Segment Start: INPUT DATA
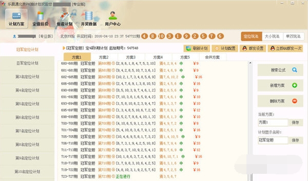 乐赢通北京PK拾计划是一款非常实用的北京PK拾彩票辅助工具,该软件功能全面,拥有计划方案、定值倍投、恒遗计划等多种功能,能够依据玩家设定的中奖金额匹配高收益率的选择方法,还有新版富含定位、大小、单双等多种常用玩法。
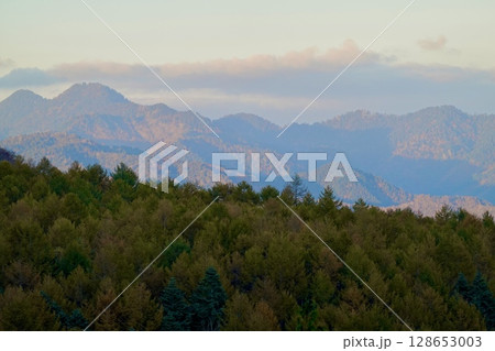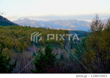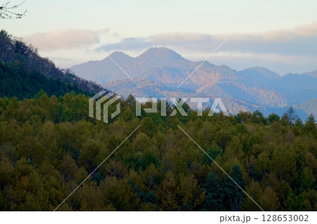 開田高原 開田高原マイアスキー場近隣から北東を見た山並みの夕景 長野県木曽郡木曽町
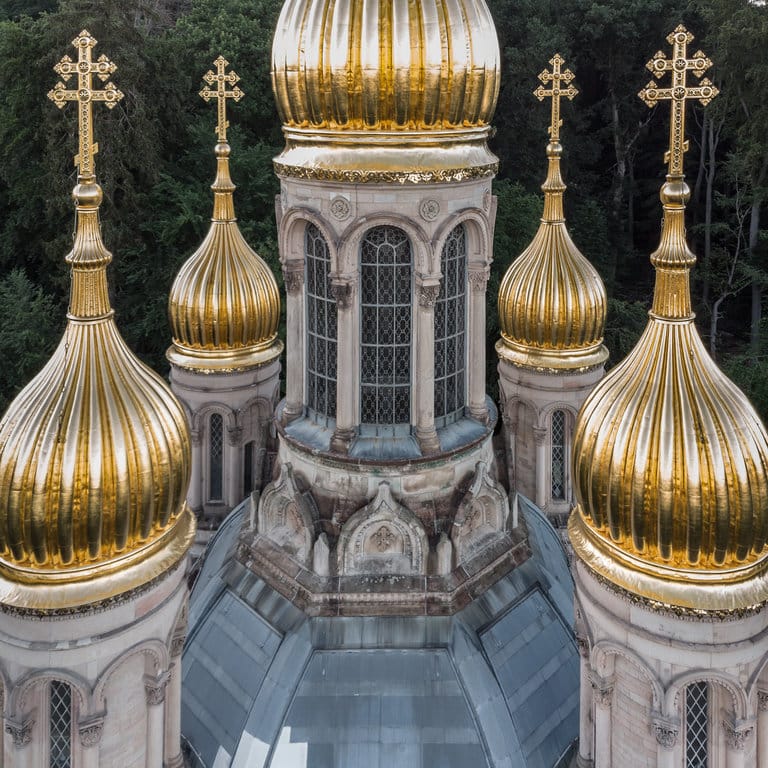 Ölvergoldung der Zwiebelkuppeln und orthodoxen Kreuze
Segment End: INPUT DATA
## GOAL OF THE EXERCISE
Print exactly the lines from the line with "開田高原 開田高原マイアスキー場近隣から北東を見た山並みの夕景 長野県木曽郡木曽町" through the end of the data, both ends included, and print no pictures.

## SOLUTION TO THE EXERCISE
 開田高原 開田高原マイアスキー場近隣から北東を見た山並みの夕景 長野県木曽郡木曽町
 Ölvergoldung der Zwiebelkuppeln und orthodoxen Kreuze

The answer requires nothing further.